I have expressed an opinion of how to provide homes for those without homes, even offered a means to train people with transferable skills while establishing a plan for sustainable growth and a role for private enterprise. Did I mention it is an eco-friendly approach? I look forward to reading your dissertation on combating mental health issues in an holistic effort to address homelessness. Your solution to these primary issues will be greatly appreciated since no one has offered a viable means to humanly retrieve our fellow members of society from the brink of mental collapse and subsequent demoralizing position of living on the streets. I look forward to altering my model to better mesh with your ideas. After all, it takes many hands to build up mankind.
And using shipping containers - whose, by the way?- would be a great way to cook someone in the GA sun. Just because you have an idea, doesn't make it a good idea. I will commend you for recognizing that there is a problem that needs solutions, but that just puts you on the same plane as the rest of us.

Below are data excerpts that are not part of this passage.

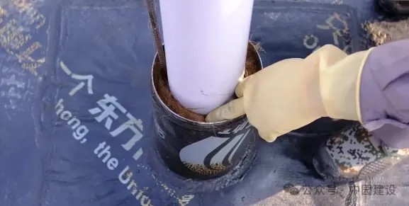 套管與出屋面管道之間的縫隙用浸油瀝青麻絲捻成長條狀,細(xì)鏟填塞密實,選用專用密封膠或瀝青油膏等有一定收縮性的材料進(jìn)行封口。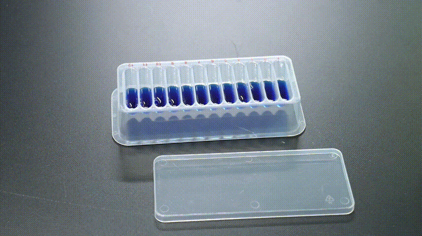 ● 潔特生物12道加樣槽,采用符合USP CLASS VI標準的優(yōu)質(zhì)聚丙烯制成,透明可視、液體殘留少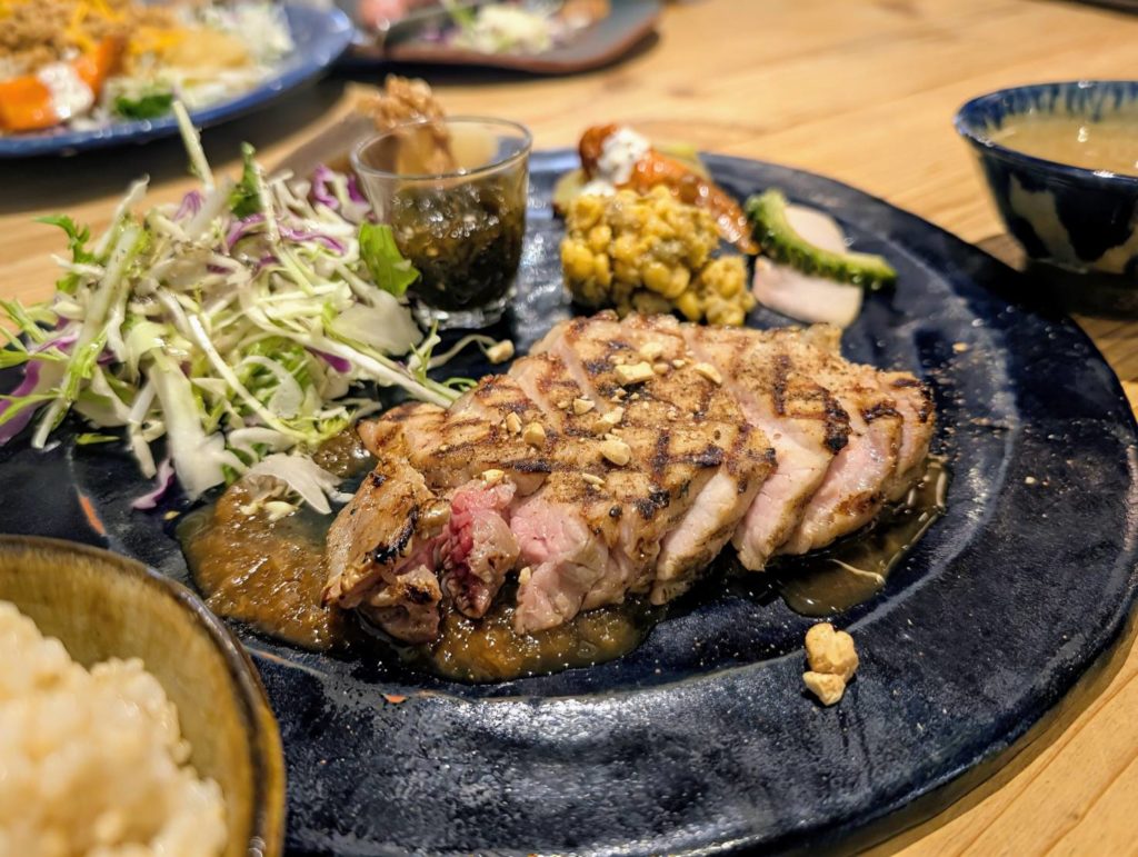 可愛らしくも落ち着いていて、足を踏み入れやすいお店。県産食材を使って作られたメニューは、日常にも登場するおかずだけど、こちらで頂くとご馳走になる。おすすめはお店の名前にもついているピパーチ(島胡椒)を使ったジューシーで肉の旨味たっぷりのハンバーグ。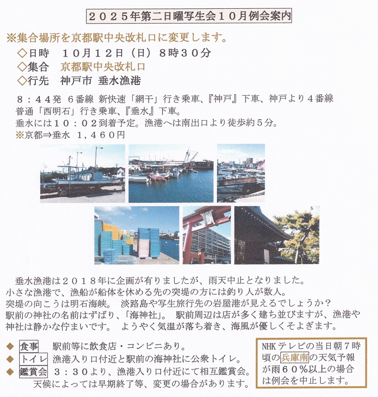 ◎10月例会案内 神戸市 垂水漁港 ※集合場所を変更します。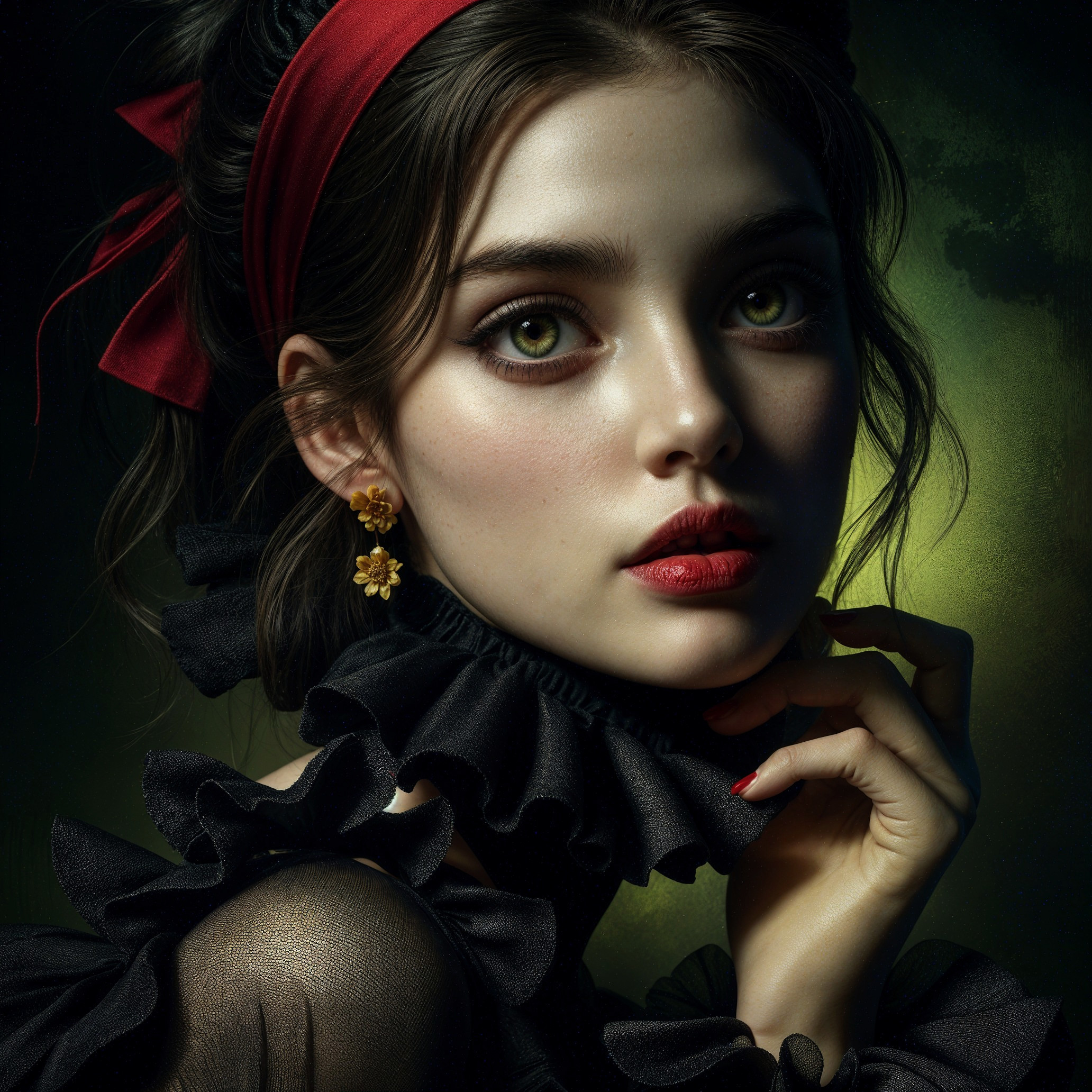 The image features a close-up of a young woman with striking green eyes and dark, dramatic makeup. She wears a ruffled black outfit and red accessories, set against a moody green background.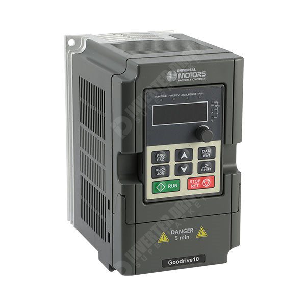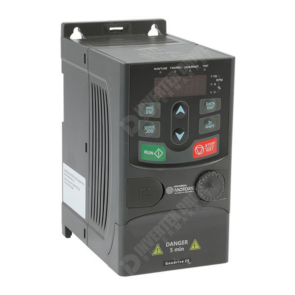 Universal GD20 series AC Inverter for 0.37kW 230V 3ph motor to 2.5A. Operates in standard V/F or Sensorless Vector Control and Converts fixed frequency 230V single phase input to variable frequency 230V three phase to control the speed of a standard AC Induction motor.

My idea is not new, just recycled for a new purpose, much like the containers would be. My contribution is to suggest a starting point on a path that is viable, sustainable, environmentally friendly, cost-effective, includes private enterprise and governmental cooperation toward a goal that is beneficial to both and begins to solve a problem we all recognize as an issue of importance. Rather than focusing on why something cannot be done, my suggestion provides avenues of approach to creating a lasting, long-term solution that is profitable to the companies involved, accomplishes a goal thousands of cities face everyday and appeals to people of any political party. Mr. Murphy, it is voices of dissent and concern like yours that act as the sandpaper to the model, creating a better model with fewer rough edges. In your own way, you are helping refine the idea and build a brighter future. Where others only laugh, you speak up. You are to be commended for your contribution.